October 4, 2010 Community News, Real Estate, Restaurant/Bar News
••• “The owners of the massive four-tower World Financial Center complex in Lower Manhattan are slated to unveil on Tuesday plans for a major overhaul of the complex’s retail and a remake of its eastern entranceway and signature Winter Garden indoor plaza. But even before the design of the $200 million-plus project has been widely released, the owners, Brookfield Properties, have hit a possible snag. The firm faces resistance to its plan to remove the Winter Garden’s sprawling marble staircase. City Planning Commission chairwoman Amanda Burden has objected to designs for the revamped plaza, and community members fear the loss of an iconic space that once led to a bridge to the old World Trade Center before it was destroyed.” (Wall Street Journal)

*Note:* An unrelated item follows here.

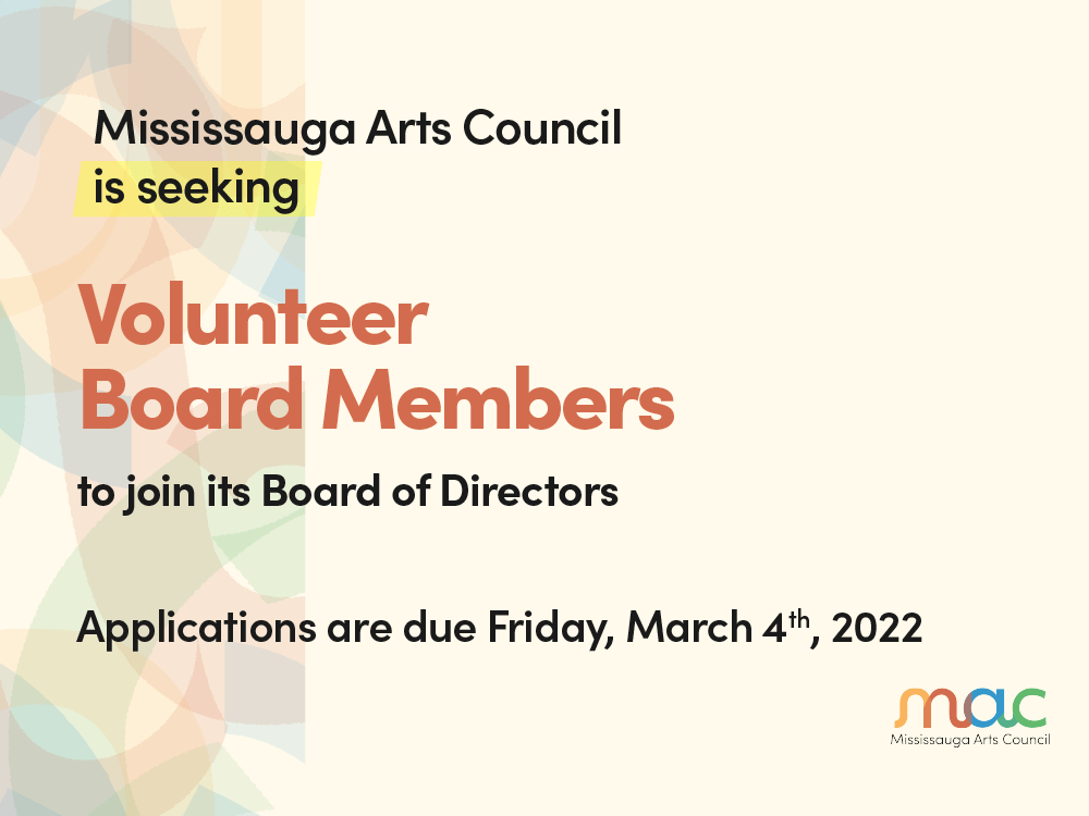 Are you passionate about the Arts? Do you live or work in Mississauga and want to become more involved in the growth of the Arts Sector in Mississauga? MAC is seeking up to three (3) volunteers to join our Board of Directors for a two-year term. Board members should be willing to commit a minimum of three (3) hours per month to the position.
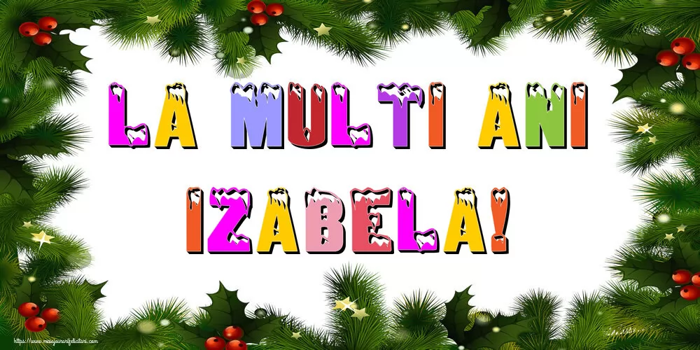 Descoperă cum numele Izabela devine sursa de lumină în acestă felicitare de Anul Nou. Fiecare literă aduce cu sine o strălucire distinctă, transformând această felicitare de Anul Nou cu chenar din brad de sărbători într-o operă plină de căldură și optimism.

••• DNAinfo has an update on Fiterman Hall, the BMCC building going up at W. Broadway and Park Place.
••• “Lower Manhattan’s Community Board 1 has backed the owners of the I.M. Pei-designed tower at 88 Pine Street in the struggle to preserve the building’s pristine sidewalk from the destructive forces of old-fashioned print media [a newsstand].” (Curbed)
••• I missed this when it was posted in mid-September: eight photos of a butter warehouse turned loft. (Casa Sugar)
••• “The living room that looks like a lounge. The billiards table. The wacky home theater hatch. The stainless steel kitchen that shows zero wear and tear. The completely neglected second bedroom. The action figures. We’d call this 4,000-square-foot loft at Tribeca’s 71 Murray Street the ultimate mancave, but look at all those windows! Records show the condo was purchased in 2003 for $2.2 million by Fahd Mumtaz—perhaps this guy?—and now it’s back on the market for a manly $5.95 million.” (Curbed)
••• That fierce townhouse designed by Ghislaine Viñas Interior Design has urinals for the three boys who live there. (Interior Design; photo by Eric Laignel)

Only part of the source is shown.